Video by Bailey Hight
The evening of March 28, the Phi Alpha Theta Honors Society hosted a faculty and staff talent show in SUB 7. Faculty and staff from Milligan College and Emmanuel Christian Seminary came to sing, recite poetry and perform various hidden talents.
First up was Nick Blosser, an art professor, who performed three original songs. He strummed an acoustic guitar during his first two songs and broke out a steel guitar for the third song, called “Jesus is a Nightlight.”
Lindsay Kenderes, a librarian and archivist, came up next to read aloud her original poem, “Blue Safari Van,” a retelling of a trip she took during her high-school years. She also performed a short baton twirling routine, an act she had learned in marching band.
Dennis Helsabeck, Jr., history department chair, read aloud one of Ted Thomas’ favorite poems, the spoonerism-laden “Prinderella and the Cince” by Colonel Stoopnagle. As the title suggests, a spoonerism is “the transposition of initial or other sounds of words,” as Dictionary.com defines it. It can also be defined as “Ted Thomas’ favorite literary device;” he laughed through the whole performance!
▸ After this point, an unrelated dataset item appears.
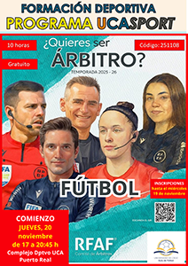 Charla formativa “El árbitro de fútbol desde la perspectiva del entrenador”Plazo de inscripción: Hasta el jueves 12 de septiembre de 2024Formulario de inscripción (Plazo de inscripción finalizado) |
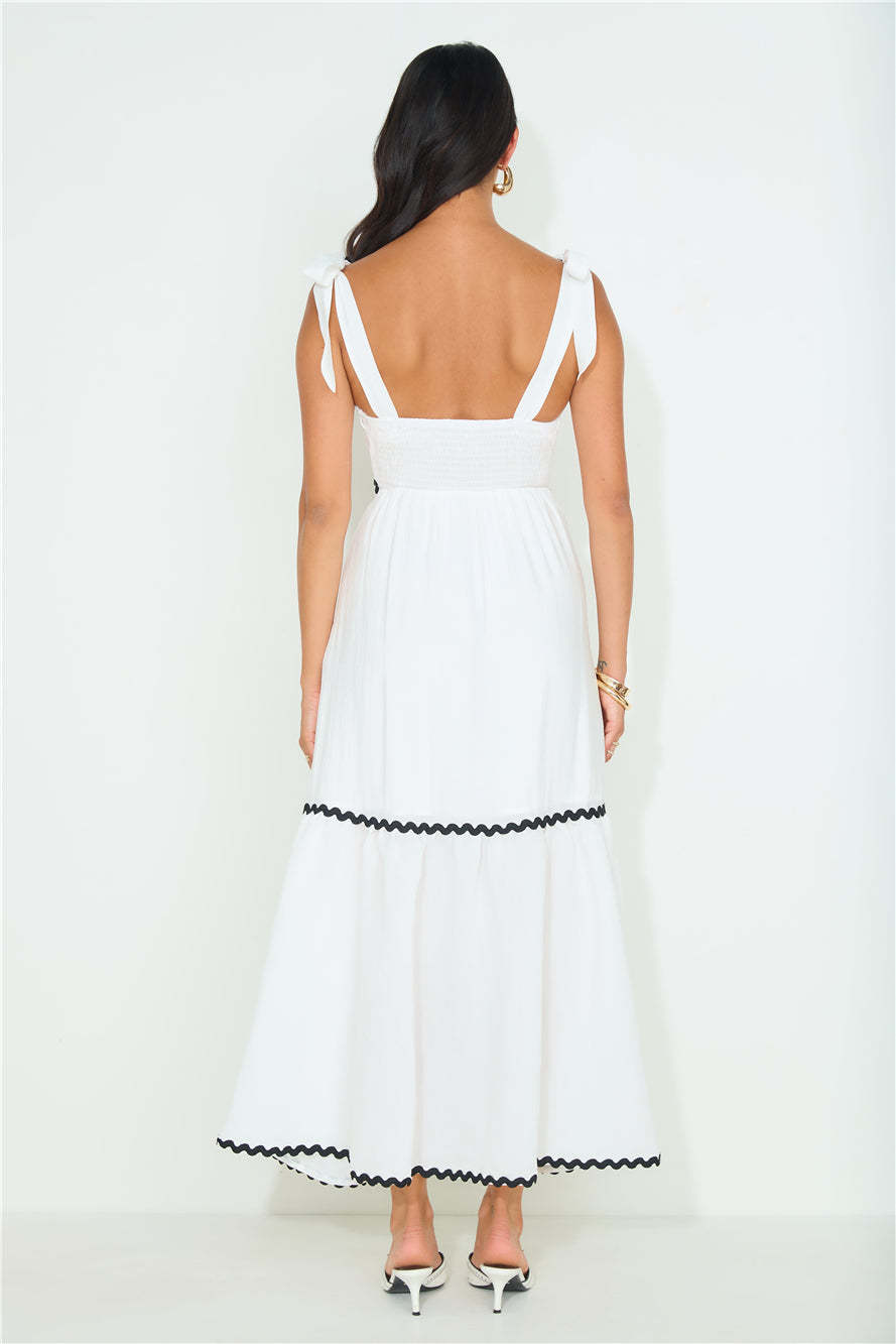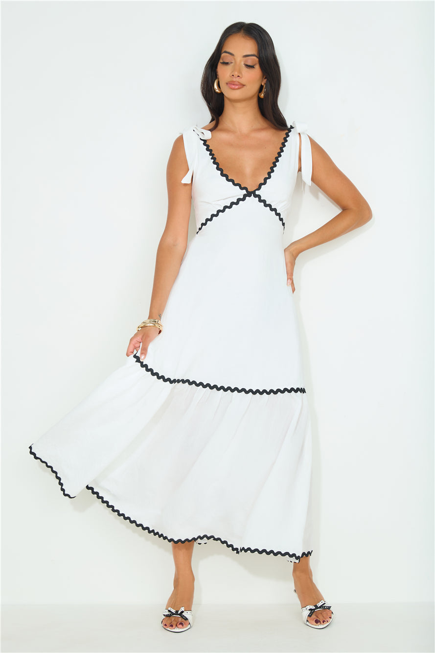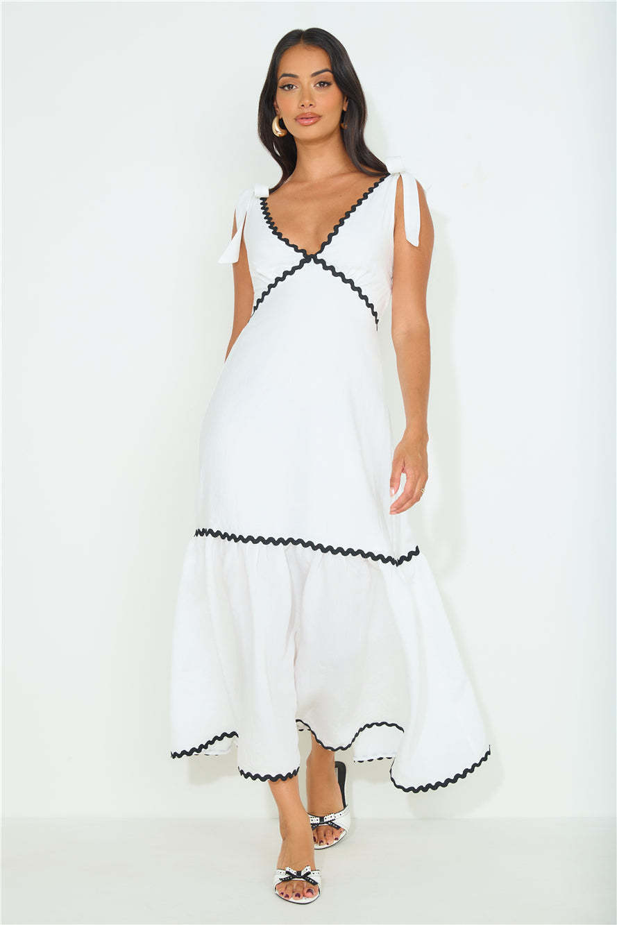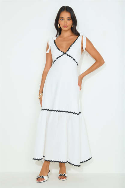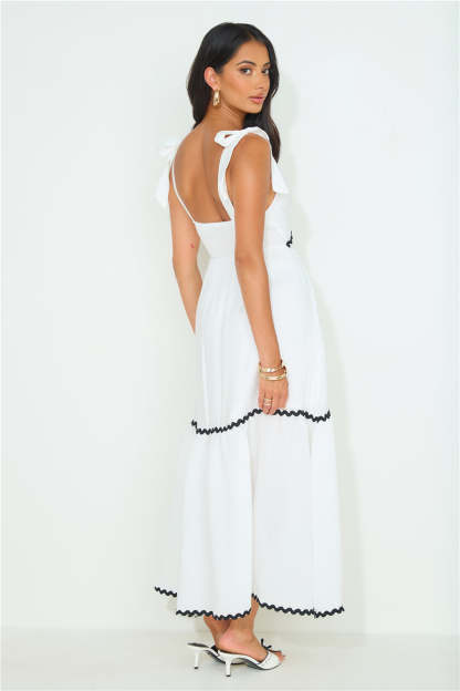 Feel chic and confident in the Sara Loves Maxi Dress. Featuring a black wavy trim. tie-up shoulder straps and a flowy skirt. Style with sandals for a gorgeous day 'fit.

Gary Selby, a ministerial formation professor at Emmanuel, followed up with the classic song “I Am My Own Grandpa,” strumming along with his acoustic guitar.
Philip Kenneson, a theology and philosophy professor, citing his talent for reading, brought up a huge copy of Swiss Reformed theologian Karl Barth’s “Church Dogmatics: The Doctrine of the Word of God, Part 2,” the second book in Barth’s 14-volume exploration of Christian doctrine. Kenneson proceeded to silently read a page to himself for a minute and a half.
Jil Smith, an occupational therapy professor, came forward with an interactive song called “Dan’s Quest,” which she accompanied with acoustic guitar. The audience chose Dan’s next action at the end of each verse and determined where Dan went and which verse Smith would sing next.
Heather Hoover and Kayla Walker-Edin, two of the college’s humanities and English professors, performed with Walker-Edin’s two sons. The group sang a Moby Dick-themed parody of Carly Rae Jepsen’s “Call Me Maybe,” titled “I Call Him Moby.”
Ted Thomas, a humanities and German professor, closed the night with three songs. Thomas began with Woody Guthrie’s “Deportee (Plane Crash at Los Gatos),” a tribute to a catastrophic plane crash near Los Gatos Canyon. He ended with the upbeat children’s songs “Sippin’ Cider Through a Straw” and “My Brother Bill (The Fireman’s Song).”